We've turned cosmetic surgery into a bookable long weekend. Flights, hotel, procedure, a bit of sightseeing while you heal. Long before an algorithm served anyone the word looksmaxxing, we'd invented the wellness break with a side of rhinoplasty.
It didn't start as skincare
Set the scalpel aside, and the same urge turns up everywhere, just under gentler names. Call it wellness, skincare, biohacking, longevity, or self-care. Gwyneth Paltrow built an empire somewhere between jade eggs and serums made of ingredients you'd struggle to pronounce. And then there are the men with too much money who are spending a house deposit every year to slow their own ageing, and being admired for the discipline. None of that gets shamed though, and mostly it shouldn't be. It's vanity with a marketing budget, and vanity is fairly harmless.
Looksmaxxing wears the same gentle names. But it didn't exactly start as a skincare routine. The word comes from incel forums, the online communities of mostly young men who believe women are out of reach for them, and that a man's worth is decided by his face. In that world a jawline isn't vanity. It's a score in a ranking system, kept by people who are bitter about where they sit in it.
None of this means a jade egg and an incel forum are the same thing. They obviously aren't. One is a slightly ridiculous corner of consumer culture. The other is a worldview built on resentment of women. The reason looksmaxxing matters is that it lets the second travel under the friendly vocabulary of the first.
Which is why Hegarty's incel question wasn't a cheap shot. It was the obvious question. What's happened since is that TikTok has sanded the ideology off the surface and kept the worldview underneath. Most teenagers mewing in the bathroom mirror haven't read a word of blackpill theory. But they've absorbed its central claim anyway, that your face is a problem to be scored, ranked and solved.
Looksmaxxing is about to look quaint
The tools are about to get far more powerful, and far harder to see.
AI photo editing already lets anyone preview a sharper jaw or a fuller hairline in seconds, and a touched-up selfie is increasingly the brief a patient carries into a surgeon's office.

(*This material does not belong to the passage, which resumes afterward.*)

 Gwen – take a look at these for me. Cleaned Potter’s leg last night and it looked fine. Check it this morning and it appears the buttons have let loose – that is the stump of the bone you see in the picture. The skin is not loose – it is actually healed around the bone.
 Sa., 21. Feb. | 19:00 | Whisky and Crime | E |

Weight-loss drugs have changed our relationship with our bodies.
And so, that friction that once sat between wanting to change how you look and actually doing it is disappearing. Today's looksmaxxing, with its spreadsheets and supplements, will soon look almost charmingly low-tech.
Which brings us back to that interview, and the hospital bed two days after it.

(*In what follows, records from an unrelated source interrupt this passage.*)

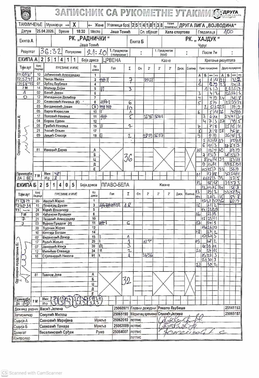 А судија: Маријана Савковић Б судија: Тамара Савковић Делегат: Срђан Веселиновић |
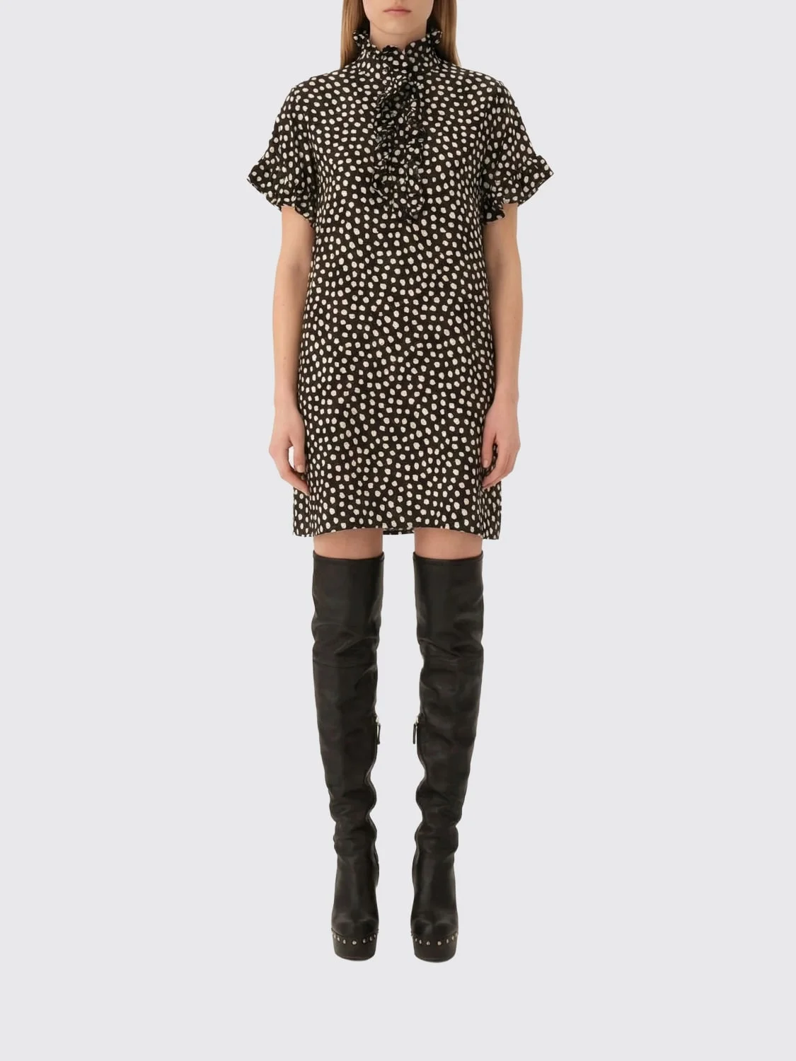 DESCRIPTION - Style: Vintage - Model: Sheath - Neck: High - Shoulders: Regular - Bottom: With straight hemline - Length: Mini dresses - Occasion: Morning dresses - Sleeves: Short-sleeve dresses - Materials: Silk - Pattern: Polka dots DETAILS AND CARE Composition SHELL: 100% SILK/BUTTON: MOP MOP (PINCTADA MA SIZE AND FIT Sizes not available Size and fit Regular fit Designer code: CH26SRO50300 915 Giglio Code: H85368 Designer: Chloe Collection: Chloe Woman Category: Clothing Chloe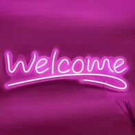 Μεγάλη LED Φωτιζόμενη Πινακίδα Welcome Ροζ με Ακρυλική Πλάκα 60cm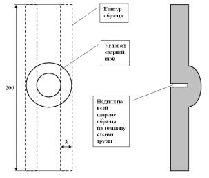 - испытание условно стыкового шва на излом с надрезом - по 1 образцу из допускного сварного соединения.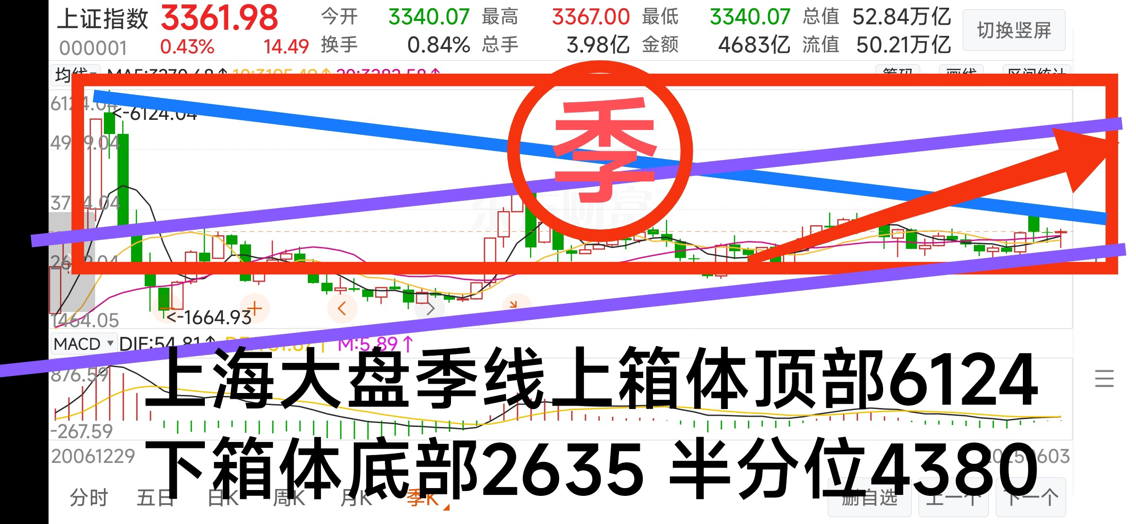 大盘季线大箱体顶部6124,去年箱体底部2635止跌企稳开始反弹,季线的威力无比,真正大涨起来很快就能到达半分位4380大牛市区,保护好手中该有的筹码,祝同行们持有的股票早日大涨提前进入牛市中。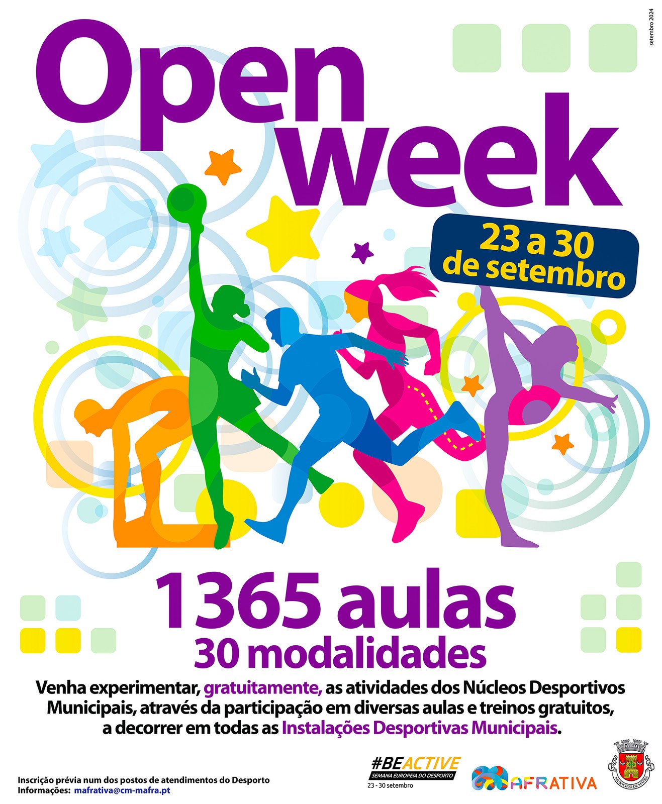 Venha experimentar as modalidades disponíveis nos núcleos desportivos municipais. A Câmara Municipal de Mafra promove a Open Week, associando-se à comemoração da Semana Europeia do Desporto. De 23 a 30 de setembro, são disponibilizadas, gratuitamente, 1365 aulas e 30 modalidades diferentes nas instalações desportivas municipais, dando a conhecer a diversidade da oferta proporcionada. Inscreva-se e participe!

It's tempting to file Clavicular away as either a victim or a villain. Some of the alarm is well earned. A 20-year-old cycling steroids and stimulants is in real danger. And an ideology that ranks young men by their faces and teaches them to resent women is worth taking just as seriously.

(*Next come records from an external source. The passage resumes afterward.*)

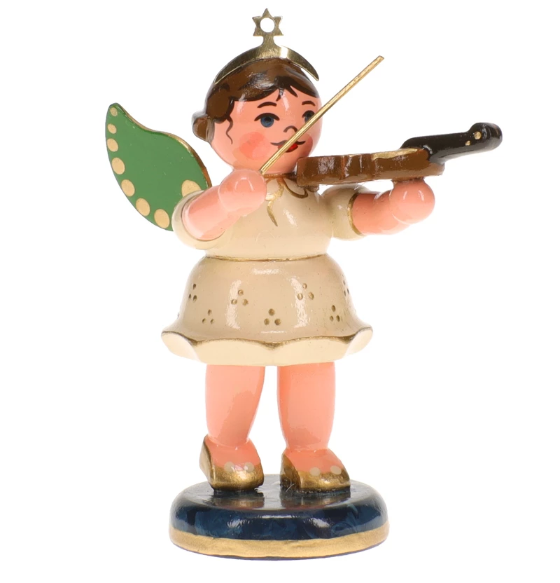 Der Engel hält die braune Geige in der linken Hand fest. Sie hat die Geige unter dem Kinn geklemmt. In der rechten Hand hält sie den Bogen in die Höhe. Der Engel trägt ein weißes Kleidchen mit einer goldenen Schleife um den Hals. Auf dem Kopf sitzt ein goldenes Krönchen. Sie hat goldene Schuhe an. Auf dem Rücken befindet sich ein grünes Flügelpaar mit goldenen Pünktchen. Der Engel musiziert auf einem dunkelblauen Sockel.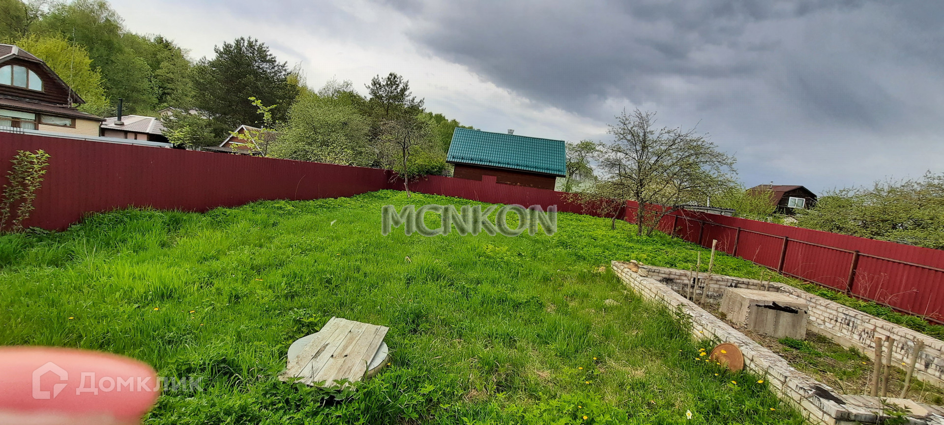 На участке фундамент под дачу (4х6.5м). Колодец (вода техническая).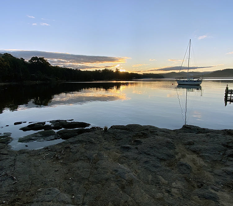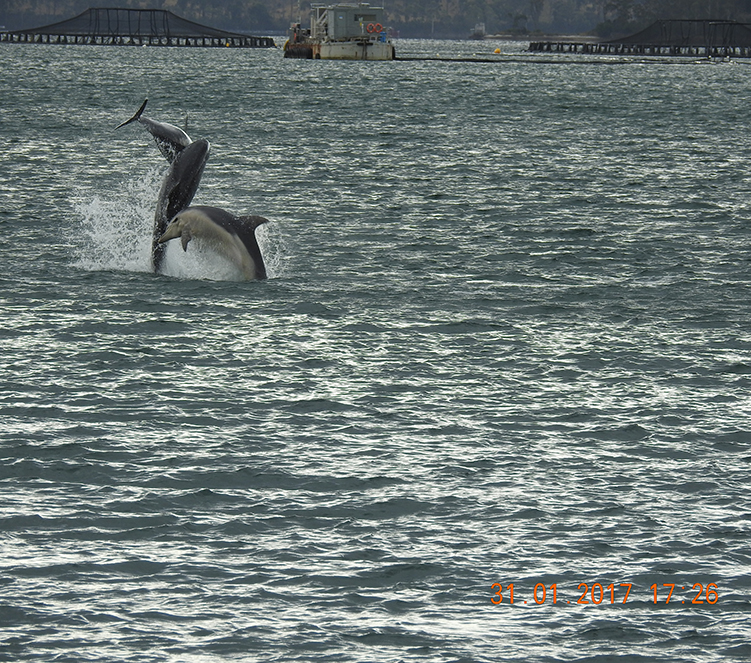Huon Valley accommodation images, taken at self contained accommodation in the Huon Valley at River Road Chalet, Surges Bay in the far South of Tasmania. Recently a hump back whale was spotted playing in the waters. The local salmon farm cages can be seen nearby with boats going to and from the farm throughout the day. A salmon outlet shop is only about 10 minutes down the road. Flathead and bream can be caught in the Huon river.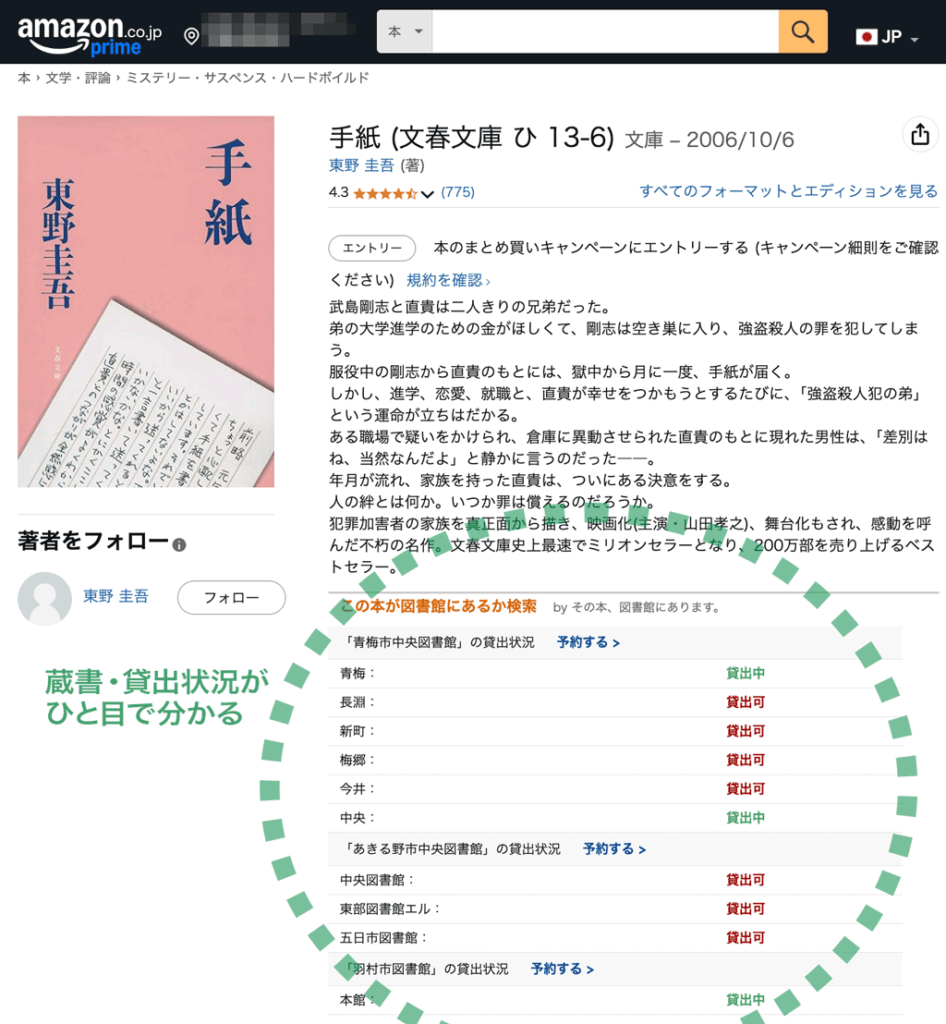 予め3つの自治体の図書館を登録すると、Amazonのサイトで蔵書の有無、貸出状況が分かります。「予約する」をクリックすれば図書館のサイトに移動します。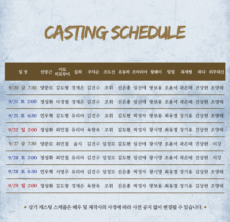 금요일 19시 30분 / 토요일 14시, 18시 30분 / 일요일 14시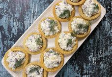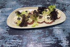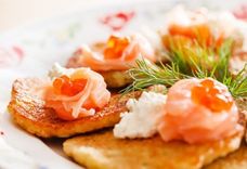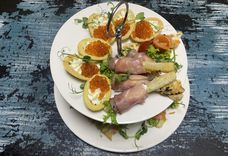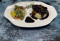 125/150/73 г • подаются с картофельными дольками, белыми грибами и красной икрой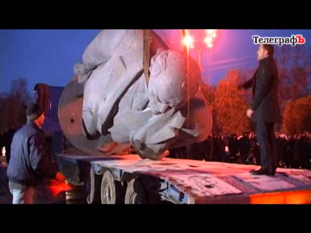 После долгих приготовлений, скульптуру Ленина сняли с постамента с помощью автокрана. Ее положили рядом лицом вниз. Затем его погрузили на огромный прицеп грузовика и увезли.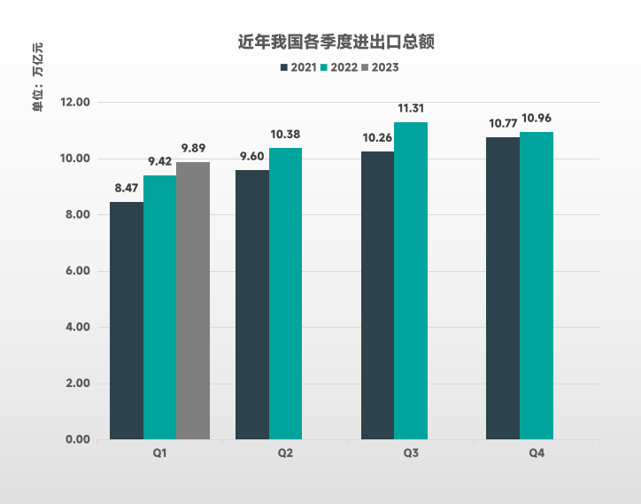 2021年Q1-2023年Q1,我国各季度进出口额分别为:8.47、9.6、10.26、10.77;9.42、10.38、11.31、10.96;9.89万亿元。从中不难发现两个趋势:

Sure, it's easy to say he is a troubled kid chewed up by the internet, or a misogynist who got what was coming. Both are too easy, and both let the rest of us off the hook. Because the reality is, he's neither exceptional nor innocent. He's what happens when two things meet. A consumer culture that spent decades teaching everyone to treat their face as a project, and an online ideology that taught young men to treat it as a scoreboard and blame women for the score. We built the first in plain sight. We built the clinics, ran the shows, sold the serums and booked the flights. The second we mostly ignored, filed away as fringe, and assumed it would stay there.
He followed the logic all the way to a hospital bed. But the logic was ours long before it was his.